### LISTED ENTRIES
□ □ □

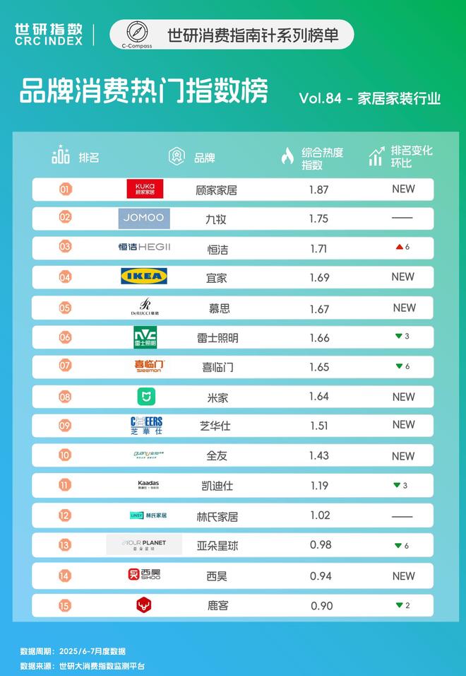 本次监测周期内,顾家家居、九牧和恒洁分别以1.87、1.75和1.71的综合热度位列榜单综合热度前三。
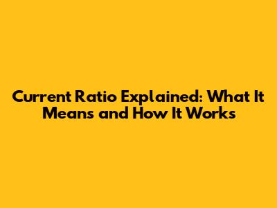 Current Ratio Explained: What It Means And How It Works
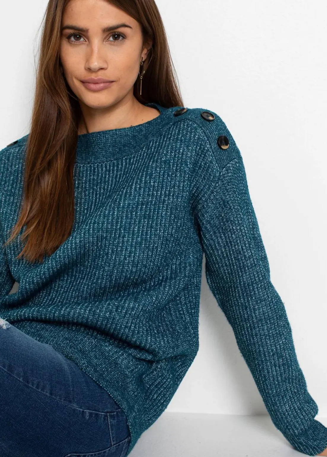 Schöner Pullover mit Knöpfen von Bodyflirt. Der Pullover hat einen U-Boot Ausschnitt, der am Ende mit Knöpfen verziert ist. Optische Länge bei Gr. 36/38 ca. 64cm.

□ □ □

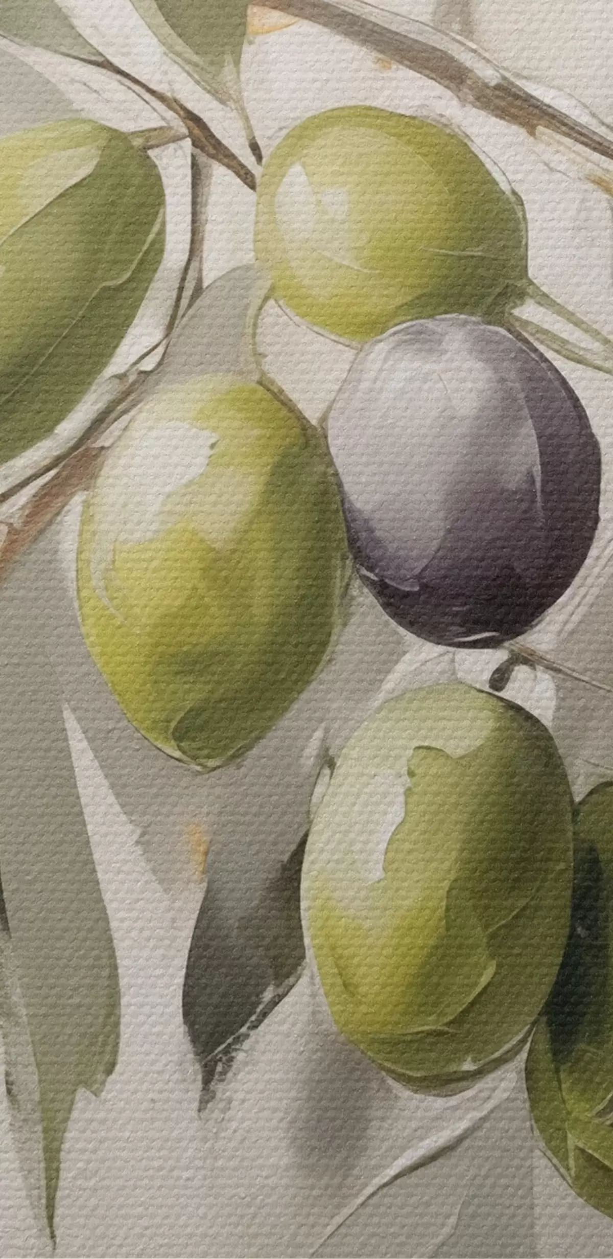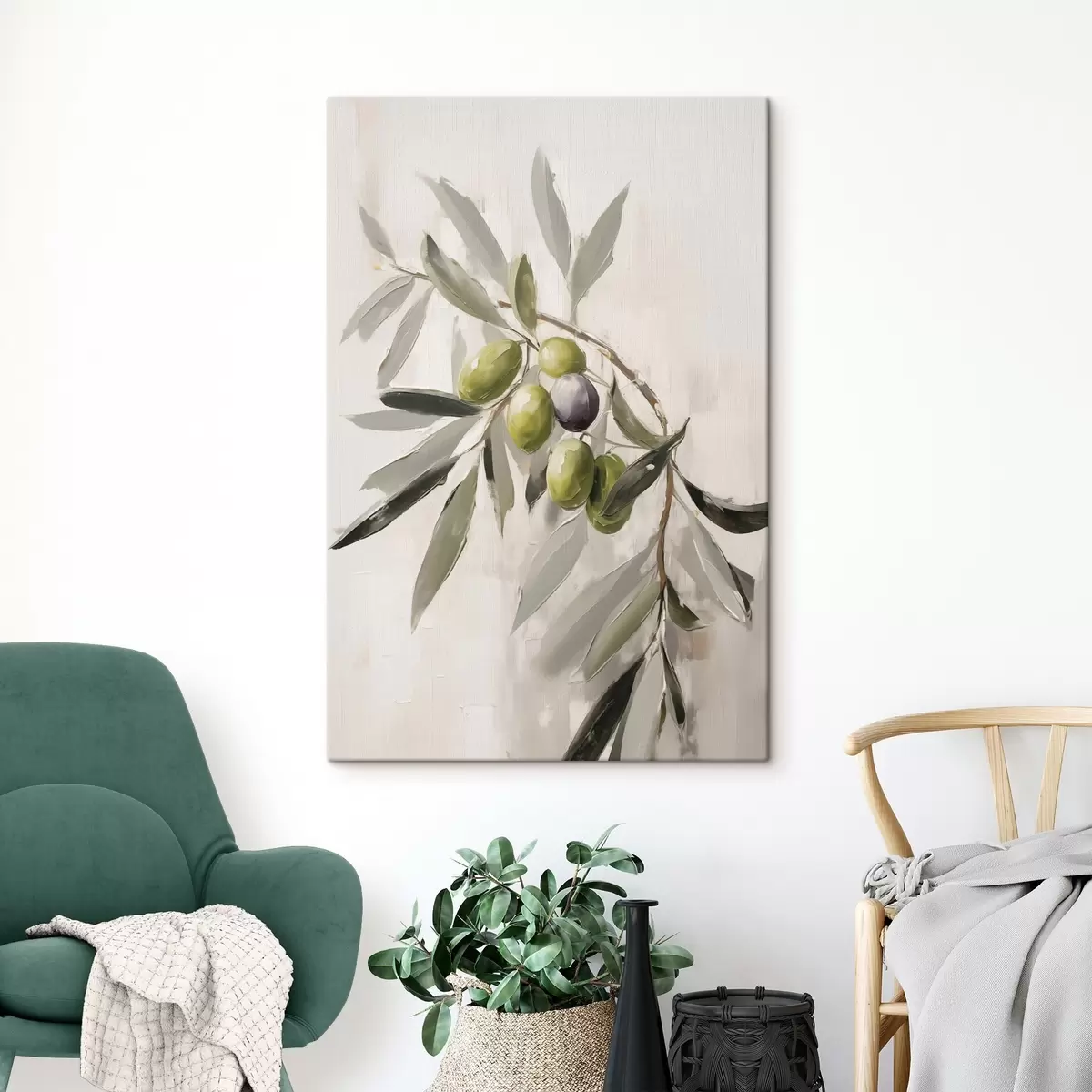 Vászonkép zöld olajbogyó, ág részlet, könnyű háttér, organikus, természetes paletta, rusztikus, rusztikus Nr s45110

□ □ □

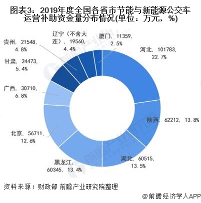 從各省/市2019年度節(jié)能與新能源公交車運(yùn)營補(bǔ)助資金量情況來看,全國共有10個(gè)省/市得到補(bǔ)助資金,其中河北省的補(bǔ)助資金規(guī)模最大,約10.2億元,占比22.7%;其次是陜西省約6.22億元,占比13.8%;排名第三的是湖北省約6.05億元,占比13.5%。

□ □ □

### WHAT YOU HAVE TO DO
Set down word for word the lines above from the one with "本次监测周期内,顾家家居、九" up to and including the one with "Schöner Pullover mit". Omit every picture.

### OUTPUT OF THE TASK
 本次监测周期内,顾家家居、九牧和恒洁分别以1.87、1.75和1.71的综合热度位列榜单综合热度前三。
 Current Ratio Explained: What It Means And How It Works
 Schöner Pullover mit Knöpfen von Bodyflirt. Der Pullover hat einen U-Boot Ausschnitt, der am Ende mit Knöpfen verziert ist. Optische Länge bei Gr. 36/38 ca. 64cm.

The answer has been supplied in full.